Same task, two outputs: AI session without vs. with convention context
Task: add a new event when an order is fulfilled

--- Without convention context ---
AI session has: the current file, some TypeScript knowledge, no codebase grounding

AI generates:
  async function fulfillOrder(orderId: string) {
    await db.orders.update({ id: orderId, status: 'fulfilled' })
    await redis.publish('order:fulfilled', JSON.stringify({ orderId }))
    logger.info('Order fulfilled', { orderId })
  }

Problems introduced:
  -> Direct redis.publish instead of EventBus (bypasses circuit breaker)
  -> Inline logger instead of structured captureServiceEvent
  -> No retry wrapper on the DB update
  -> Event name is a string literal instead of a typed event constant

Code is correct. Linting passes. Tests pass. Review approves it.

--- With convention context (Kognita MCP) ---
AI session has: same file + semantic index of how events are published everywhere else

AI generates:
  async function fulfillOrder(orderId: string) {
    await withRetry(() => db.orders.update({ id: orderId, status: 'fulfilled' }))
    await eventBus.emit(OrderFulfilledEvent, { orderId })
    captureServiceEvent('order.fulfilled', { orderId })
  }

Matches the pattern used in every other order lifecycle event in the service.
No convention violations. No silent divergence.

When AI sessions are grounded in a managed semantic index — the kind Kognita maintains across the entire codebase, not just whatever files are open in the editor — the model has access to behavioral patterns, not just file content. A query about "how should I publish this event?" returns context about every other event publisher in the system: how they are structured, which abstractions they use, what the event payload conventions are. The model generates code that matches the team's actual patterns because it has seen those patterns, not because it was told about them.
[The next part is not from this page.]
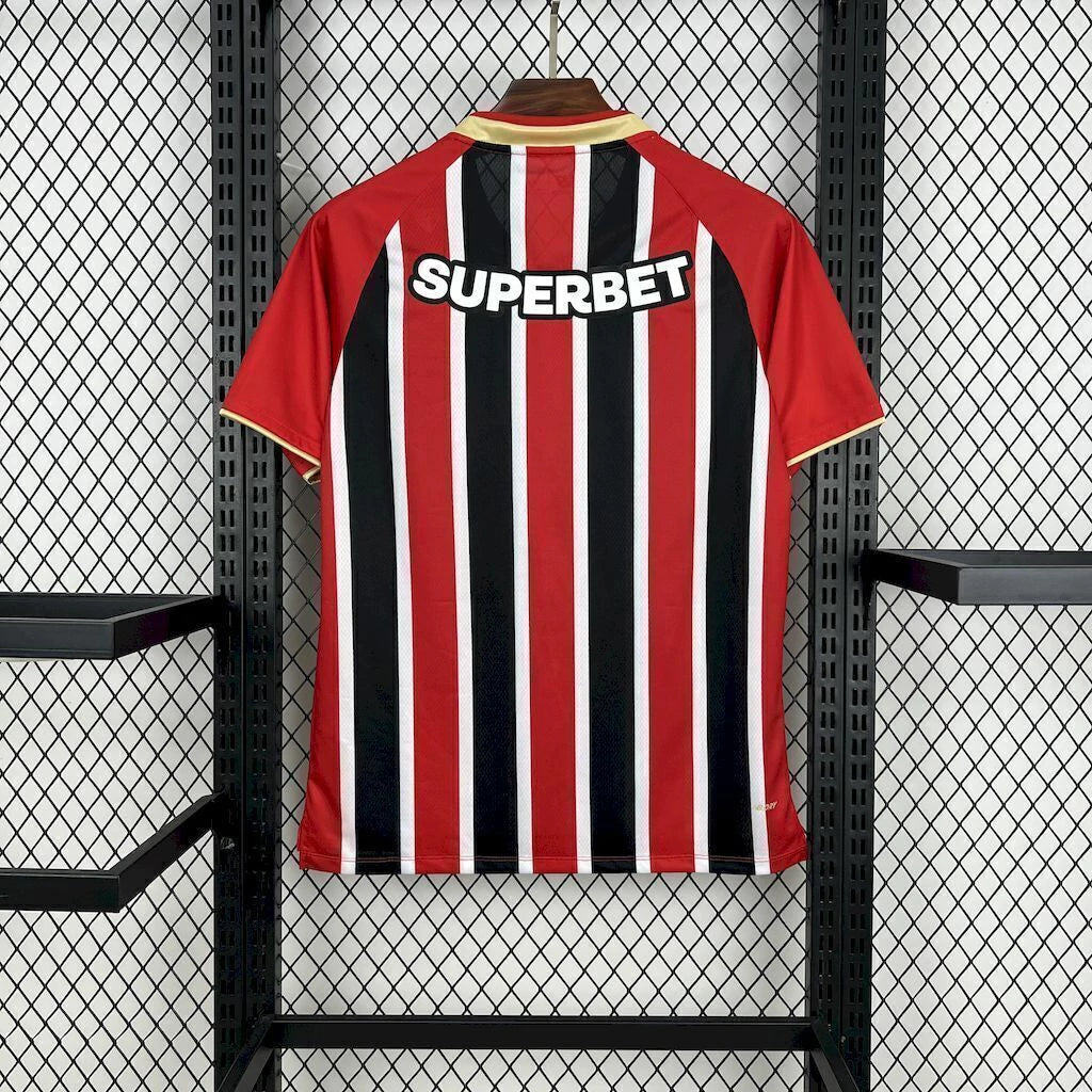A camiseta São Paulo - Away é a versão utilizada pelo Tricolor nas partidas fora de casa, tradicionalmente marcada pelo vermelho vibrante e detalhes em branco e preto. Este modelo carrega toda a identidade histórica do clube em um design imponente, que destaca o escudo bordado no peito e a força da camisa número dois. Produzida com tecido leve e respirável, proporciona conforto, mobilidade e excelente caimento tanto para os dias de torcida quanto para o uso casual. É uma escolha certeira para quem vive a paixão pelo São Paulo além das quatro linhas.

The Jira MCP integration extends this to the planning layer. When a product manager writes a ticket for a new order lifecycle event, the Kognita-grounded AI can surface the relevant conventions before a single line of code is written. The ticket can reference how similar events are implemented, which modules will be affected, and what the testing pattern for this type of change looks like. Convention awareness moves earlier in the development cycle, from code review to specification.
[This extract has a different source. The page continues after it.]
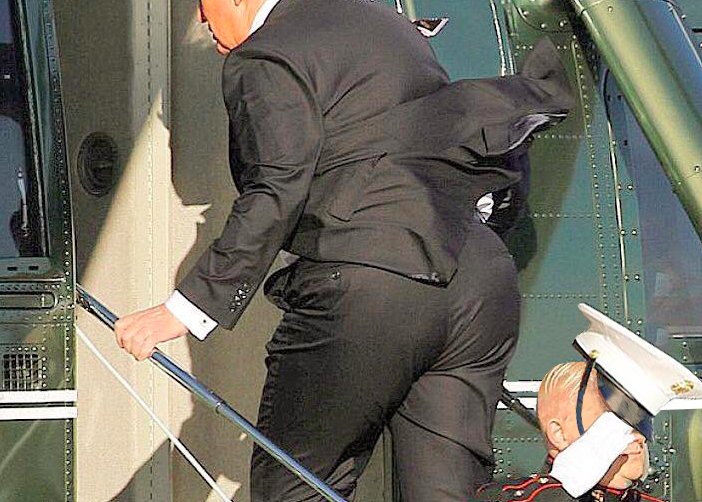 The back flap on his double vent always gets blown off his butt and exposes all of his colossal anatomy.

The other key property of a managed index is that it stays current. Rules files go stale. CLAUDE.md files go stale. Documentation goes stale. The codebase does not go stale — it is the source of truth. A semantic index that is automatically re-indexed on every merge always reflects the current state of the team's conventions, including conventions that were established last week by a refactor that moved utility functions to a new shared module. No engineer needs to remember to update the rules file. The index updates itself.

Final take

Conventions are the most important code standards and the hardest to enforce. AI tools that do not know your conventions will violate them correctly and confidently. The PR will pass linting. The tests will pass. The reviewer will approve. The violation will land in production and stay there until it combines with other violations to create an incident nobody can immediately diagnose.

The fix is not more rules files, more thorough review, or more documentation. Those are the right instincts applied to the wrong layer. The fix is grounding — giving AI sessions access to the behavioral patterns that exist in the codebase itself, not a text description of those patterns. A model that has seen how your team handles retries, events, errors, and testing will write code that matches those patterns. A model that has only been told about them will miss the nuance.

The convention violations your team is seeing in AI-generated code are not a temporary problem that will be solved when AI models get better. They are a context problem that requires a context solution. The model needs to know your codebase — specifically, precisely, and always — not just the language it is written in.